Family ties
March 12th, 2007 at 10:34 pm (Metaphysical, Relational)
My parents are in Orlando this week. Dad is busy with business meetings and presentations, but Mom wanted to use up some vacation time, so she convinced my Aunt to tag along “for some fun.”
There’s a lot to do in Orlando, I hear. I’ve never been there, but without even calling on my higher mental functioning I could tell you that most of what there is to do in Orlando involves walking. Lots of walking.
Without getting into details, it’s easy to say that my family is not in any way health conscious. Certain siblings were blessed with higher metabolisms than others, but they do not seem to share those genes with my parents. Both are overweight, and my mother is quite obese.
I don’t have the energy to get into it tonight, but my father completely enables her: she never has to exert herself more than to climb the stairs to her room, hoist into bed, and watch Law and Order reruns from her cozy cushions. Sometimes she also lifts big boxes of cookies or cakes into a shopping cart, but dad and my brothers hoist them out and into storage when she gets home.
Mom suffers from major depression. Not that I’m an expert in mental health or anything1, but a daily walk would really go far in alleviating her symptoms without taking so much medication. Still, she won’t do it. She’ll only think about it, talk about it, and give reasons why she can’t do it.
Mom has been blessed to see the world, thanks to my dad’s travel bug and an accommodating profession. The thing that amazes me is that, no matter where she is, my mom is surprised by the way her body protests against the rigors of travel. One day of walking lands her in bed for the next 2 days.
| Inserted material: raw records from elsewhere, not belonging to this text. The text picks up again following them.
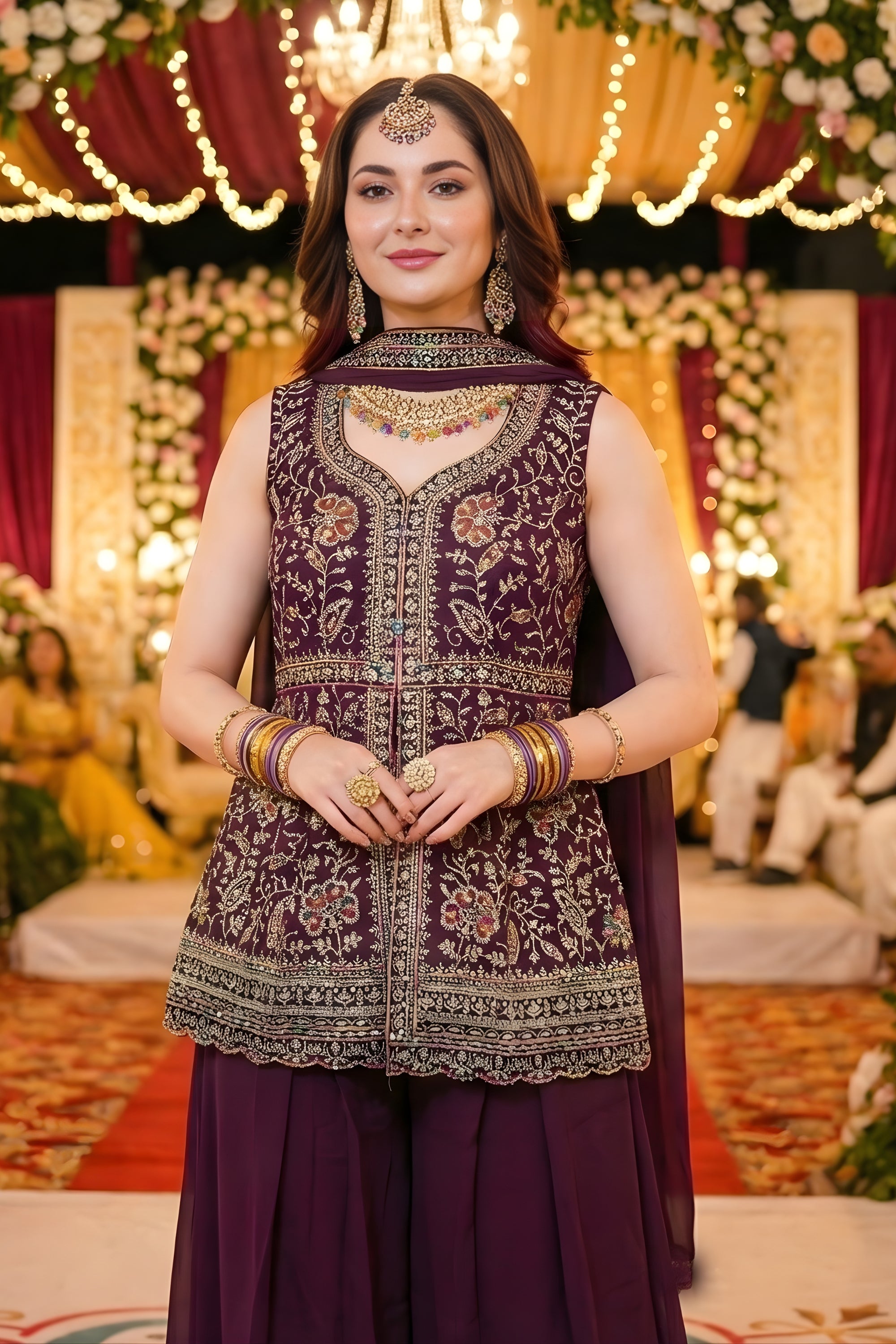 Step into timeless elegance with this Latest wine embroidered georgette sharara suit, designed to make you stand out at weddings and grand festive occasions. Crafted in rich wine-colored georgette, this ensemble features exquisite traditional embroidery that reflects royal Nawabi charm. The beautifully structured sleeveless kurta is adorned with intricate floral and zari embroidery, offering a luxurious ethnic appeal. Paired with a flowy georgette sharara bottom, the outfit creates a graceful silhouette with effortless movement. The matching dupatta completes the look, adding sophistication and balance to the ensemble.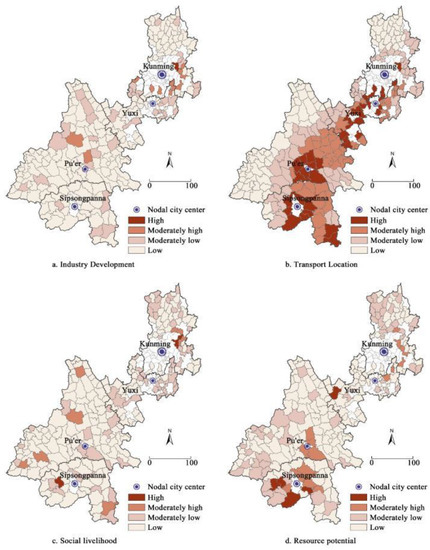In terms of different types, the small towns with high and moderately high scores in the industrial development dimension were mainly located around the urban area of Kunming. In the transportation location type, the farther away from the main transport routes, the lower the score of small towns, and almost all small towns at the high level were located around urban areas. In the resource potential type, small towns near urban areas in Kunming, Pu’er and Sipsongpanna showed strong development potential, while small towns far from urban areas were dominated by low potential. The small towns with high and moderately high scores for social and livelihood development were generally scattered, whereas the small towns with high and higher quality in the northeast side of Kunming showed a phase gathering trend, and also reflected a ‘core-edge’ characteristic.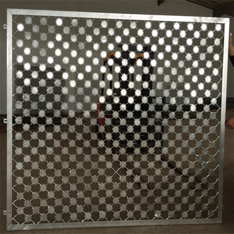 梅花刺鋼網(wǎng)墻是由V型支架立柱;加強型焊接片網(wǎng),安全防盜連接件和熱鍍鋅刀片刺籠組成強度和安全防御性級別很高。用途:近年來,被廣泛應(yīng)用在監(jiān)獄,看守所、軍事基地等高安全場所。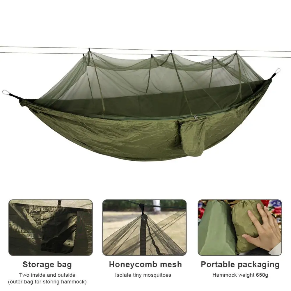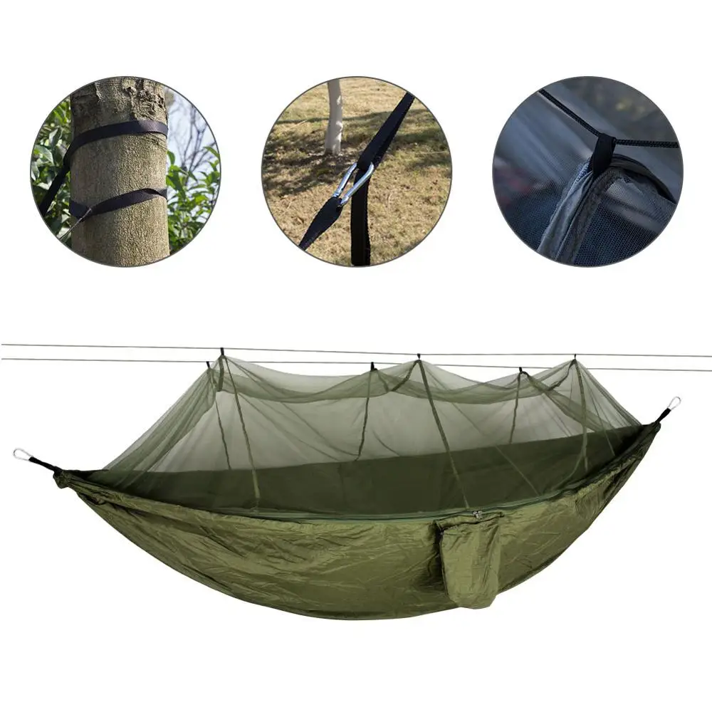 2 Person Hammmock Portable Outdoor Camping Hammock with Mosquito Net High Strength Parachute Fabric Hanging Bed Hunting Sleeping

She complains and exclaims of her feet, knees, hips, and other assorted body parts aching after sight-seeing. She does nothing to prepare herself, physically, for travel, and sometimes it’s easy for me to lose patience with it all.
Tonight she told me that she and my aunt had rented scooters to maneuver through the Magical Kingdom. I was hit with a wave of sadness. I want to escape my genetic heritage so badly.
- I am. [↩]
the veggie paparazzo said,
March 13, 2007 at 12:51 pm
That is sad. When I’m in the park near our house–a very large, very walkable/rideable park–and I see even kids riding on motorized scooters or carts, I want to say to their parents, “Do you realize how you’re setting them up to live their lives?!”
But you are living a life unlike your parents’ lives. You are changing things. And that is awesome. :)
metamorphose said,
March 13, 2007 at 6:35 pm
Indeed you are living a different life. You are escaping your genetic heritage by choosing to be as healthy as possible.
But yes, that would make me sad as well.